Rosen schował telefon do kieszeni spodni i pokręcił z niezadowoleniem głową.
– Obiecuję słuchać się ciebie w każdym aspekcie, będę tuż obok i nie zrobię nic głupiego – przysięgłam mu z całą szczerością, jaką miałam. Naprawdę nie miałam mu zamiar nic utrudniać. Chciałam się upewnić, że Margie była cała i nic jej nie groziło. Jeśli moi faceci mieli przerąbane w biurze, tym bardziej nie potrzebowali dodatkowego stresu.
– Chodź, pozamykam wszystko – mruknął. Prędko wzięłam z domu mój plecaczek i poczekałam przy samochodzie Rosena.
W trasie byliśmy może dziesięć minut później. Wymieniałam co rusz wiadomości z Margie, od Jacoby'ego dostałam instrukcję i screen mapki, w którym miejscu będzie Chloe.
Zauważyłam, że Rosen był jeszcze bardziej spięty.
– Wszystko okej? – odbiłam piłeczkę, ale jej nie docenił. – Przejmujesz się Tollem?
Drgnięcie mięśnia pod okiem.
– Trochę – wyznał. – Luca... Wszystkim szefom zawdzięczam azyl. CA pomogli mi stanąć na nogi.
To był zaskakujące i bolesne wyzwanie. Rosen praktycznie mi nic nie powiedział, ale wszystko mówiły jego gesty, napięcie ciała, sztywność głosu i to spojrzenie. Nie odrywał oczu od jezdni, ale widziałam, że był zaniepokojony.
– Jeśli ktokolwiek ma spaść na cztery łapy i jeszcze przy okazji kogoś podrapać pazurami, to na pewno będą to oni – powiedziałam twardo.
Zdołałam zobaczyć drgnięcie jego ust, gdy musiałam prędko złapać się deski rozdzielczej.

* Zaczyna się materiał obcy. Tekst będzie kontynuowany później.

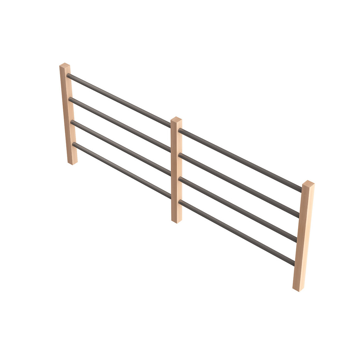 Garde-corps bois-métal type C pour escalier Savoie Module de 320cm, recoupable en largeur3 poteaux en hêtre lamellé A/B, 4 tubes en métal gris + fixation Usage intérieur

Tak mną rzuciło, że pasy wycisnęły mi dech z piersi.
Ktoś zajechał nam drogę.
– Na podłogę, schyl się! Już już już! – Rosen zdążył krzyknąć do mnie ten rozkaz, gdy przednią szybę przeszyły trzy kule.
Trafiły wprost w jego tors.
Zaczęłam krzyczeć, kiedy z gardła mężczyzny wydobył się bulgoczący dźwięk.
– Otwórz drzwi, albo rozstrzelam ją na miejscu! – Ktoś ryknął z mojej strony. Nie wiedziałam, co powinnam robić, jak zareagować.
Spojrzenia moje i Rosena się spotkały. Krztusił się krwią i walczył sam ze sobą: być przytomnym, ochronić mnie...
– Będziesz mieć większe szanse – obiecał, odblokowując mechanizm.
Igła wbiła się w moją szyję ledwo kilka sekund później i już więcej nie widziałam umierającego ochroniarza.